Green Build & Design Feature on When and Why to Consider Greenfiber Cellulose Insulation
News / 03.03.25

Green Build & Design Feature on When and Why to Consider Greenfiber Cellulose Insulation

Green Build & Design recently published an article that explains how SANCTUARY® by Greenfiber differs from other forms of insulation in that the raw product, trees, creates a carbon sink. The article continues by exploring SANCTUARY's competitive and superior insulation properties, such as blocking sound, odor and fire. Check out an excerpt of the article below and read the full version here


"At this point in the journey to make buildings more sustainable, one truism is fairly well understood. Before investing in renewable energy systems, energy-efficient windows, programmable thermostats, recycled steel, sustainable wood, and energy-efficient lighting, one feature is essential—a tight building envelope with high-performing insulation.

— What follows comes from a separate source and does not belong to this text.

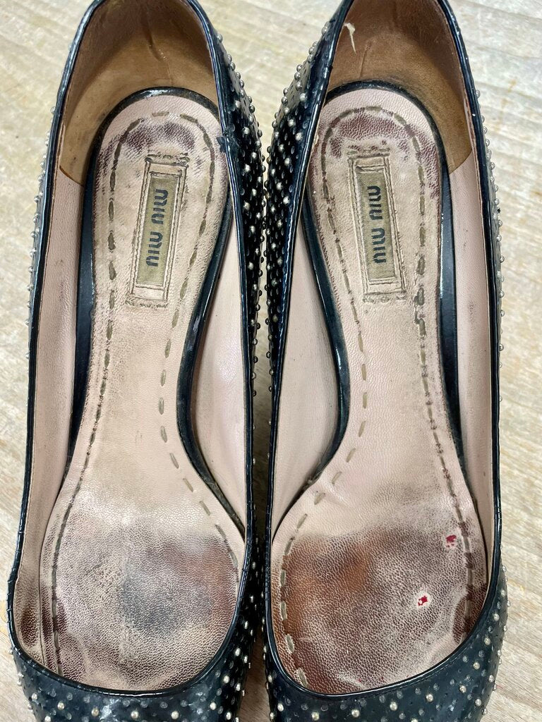 MIU MIU BLACK PATENT LEAHER SILVER KITTEN HEEL
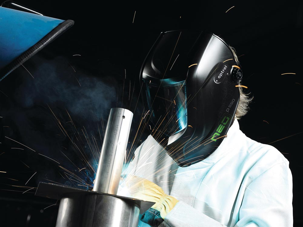 EN 379 · automatische Blendschutzkassette mit Schutzstufenauswahl von 4/9-13 · stufenlos einstellbar mittels Drehknopf · stufenlos einstellbare Empfindlichkeit und Öffnungsverzögerung · Umschaltzeit hell-dunkel 0,1 ms bzw. dunkel zu hell 0,05-1 s stufenlos einstellbar · mit IR-/UV-Filter und farbechter Sicht · Komfort-Kopfband · Klassifizierung: 1/1/1/2 · Batterielebensdauer 3000 h · Anwendung: für alle elektrischen Schweißverfahren

Most of the traditional materials—fiberglass, mineral wool, polyurethane-spray foam, polystyrene foam board, and polyisocyanurate—found in insulation require the extraction and use of fossil-based ingredients. Even worse, the manufacturing processes for these materials have a high carbon footprint. A study of 503 newly built homes in the Toronto region found that insulation is the second largest source (second to concrete) of material-related carbon emissions. More than 25% of the buildings’ embodied carbon was in those homes’ insulation materials.

One insulation material stands apart from the others, though, and that is cellulose."

Why Cellulose?

One reason cellulose insulation differs is that cellulosic material is plant-derived, typically from trees. That means the original source of these materials captures atmospheric carbon over the years before the trees are harvested. Even better, cellulose-based insulation is largely derived from post-consumer recycled paper, which is made from those trees.

A tree otherwise left to rot or burn would return the carbon to the environment, but when processed into paper and later building insulation, it continues to hold that carbon for at least the life of the structure.

The second reason cellulose insulation carries less embodied energy is that the manufacturing process of turning this recycled paper into building insulation itself has a low carbon footprint.

According to a study conducted in 2022 by the Builders for Climate Action—using BEAM (Building Emissions Accounting for Materials) software—11 types of cavity fill insulation products were measured for their Global Warming Potential, or GWP, all with R-10 insulation values applied over 100 square feet. The types ranged from closed cell polyurethane spray foam HFC (with the highest GWP) to cellulose dense packed (the lowest GWP). The second and third lowest-GWP ratings were cellulose dense packed and cellulose loose fill, respectively. The two highest performing products are manufactured by Greenfiber, all of which benefit from biogenic carbon storage because those products derive from trees, not petroleum.

Other types of insulation that had poorer GWP performance than cellulose fibers were mineral wool batt, mineral wool loose fill, fiberglass loose fill, fiberglass batt, and hemp wool batt.